Monday’s meeting, which will be held at the British mission, was scheduled in response to a request by Russian Foreign Minister Sergei Lavrov to hold talks outside the Security Council to map out the United Nations’ long-term strategy for persuading Iran to scale back its nuclear activities.

An evening meeting, which will include the U.N. ambassadors for the six governments, will focus on reaching a deal on the presidential statement.

A second senior Bush administration official, who also spoke on the condition of anonymity, denied an AP report Saturday suggesting that Britain was considering proposing Monday to resolve the standoff through talks among the council’s five veto-wielding members, Germany and Iran. “The report is absolutely false,” the U.S. official said. “We checked with the Brits, and they were stupefied by that report, and they never heard of it. No one has made that proposal, and we wouldn’t accept it.”

The standoff hinges on whether the Iran crisis should be handled by the Vienna-based International Atomic Energy Agency or the Security Council, which can impose sanctions or use force. Russia and China have insisted that the IAEA take the lead, while the United States, France and Britain say that Iran will stop its activities only if faced with the threat of sanctions.

Some council members say the European proposal for a two-week deadline for IAEA Director General Mohamed ElBaradei to report to the council on Iran’s cooperation is too short. China prefers four to six weeks. Russia opposes any report until the IAEA meets in June.

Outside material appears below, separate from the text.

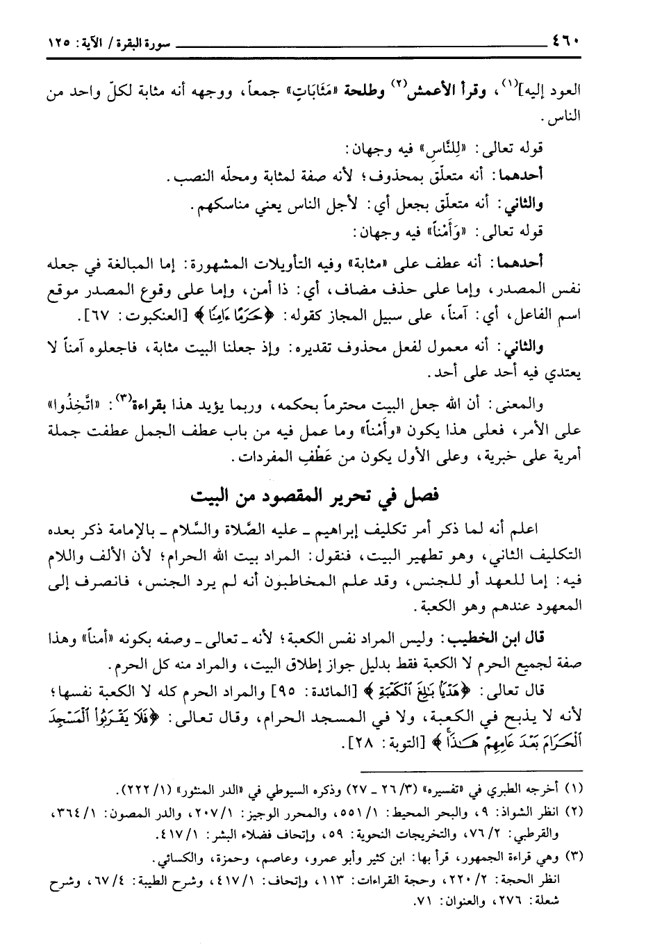 والمعنى: أن الله جعل البيت محترماً بحكمه، وربما يؤيد هذا بقرأءة:» اتَّخِذُوا «على الأمر، فعلى هذا يكون» وأَمْناً «وما عمل فيه من باب عطف الجمل عطفت جملة أمرية على خبرية، وعلى الأول يكون من عَطْفِ المفردات.
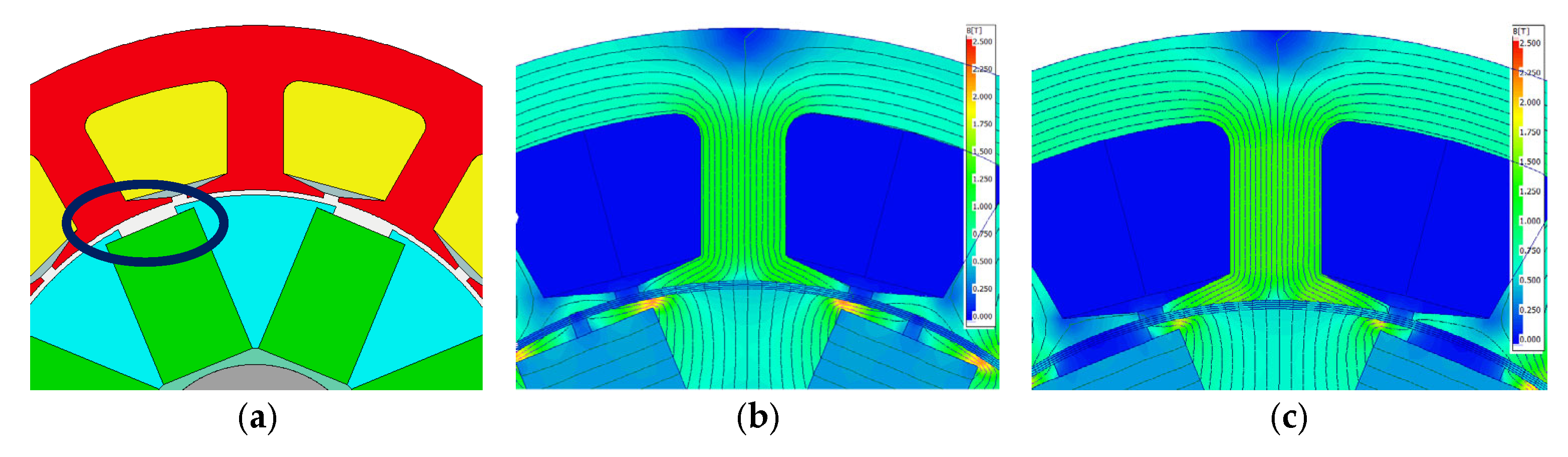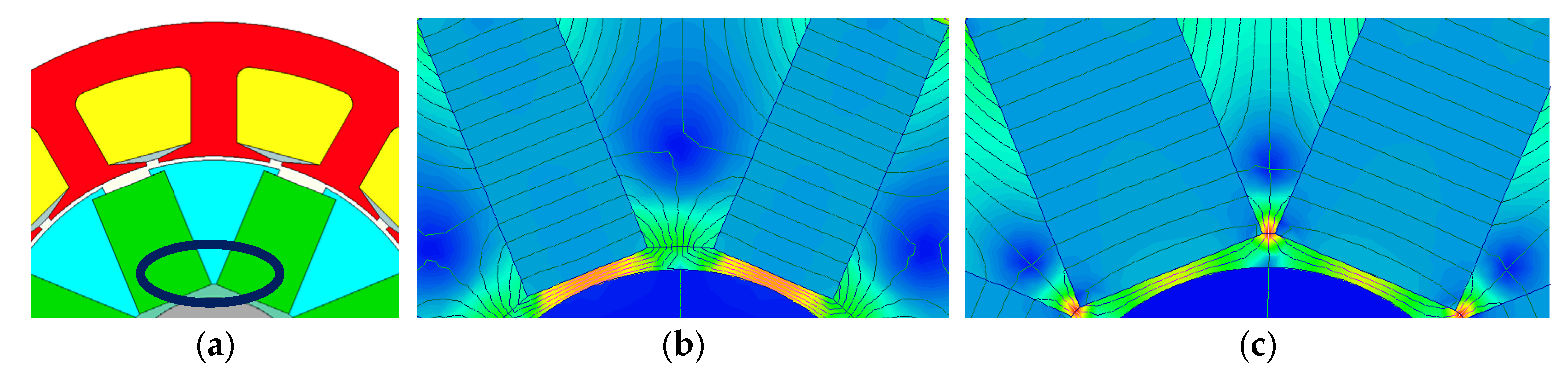 Figure 8a) critically impacts both electromagnetic performance and mechanical integrity, analogous to the inner end region of the rotor lamination previously discussed. This opening dimension directly influences air-gap magnetic flux concentration (see the magnetic flux distributions provided in

China said Friday that it would accept a continuing role for the U.N. council in managing the nuclear crisis. U.N. Ambassador Wang Guangya said he had offered a compromise to bridge the gap between Russia and the council’s three major Western powers. Under the plan, ElBaradei would report on Iran to the 35-member IAEA board and the Security Council.

U.S., French and British diplomats say they have rallied a majority of the council’s 15 members in support of a draft statement that would call on Iran to stop uranium-enrichment activities and cooperate with the IAEA. They will resume talks on Tuesday.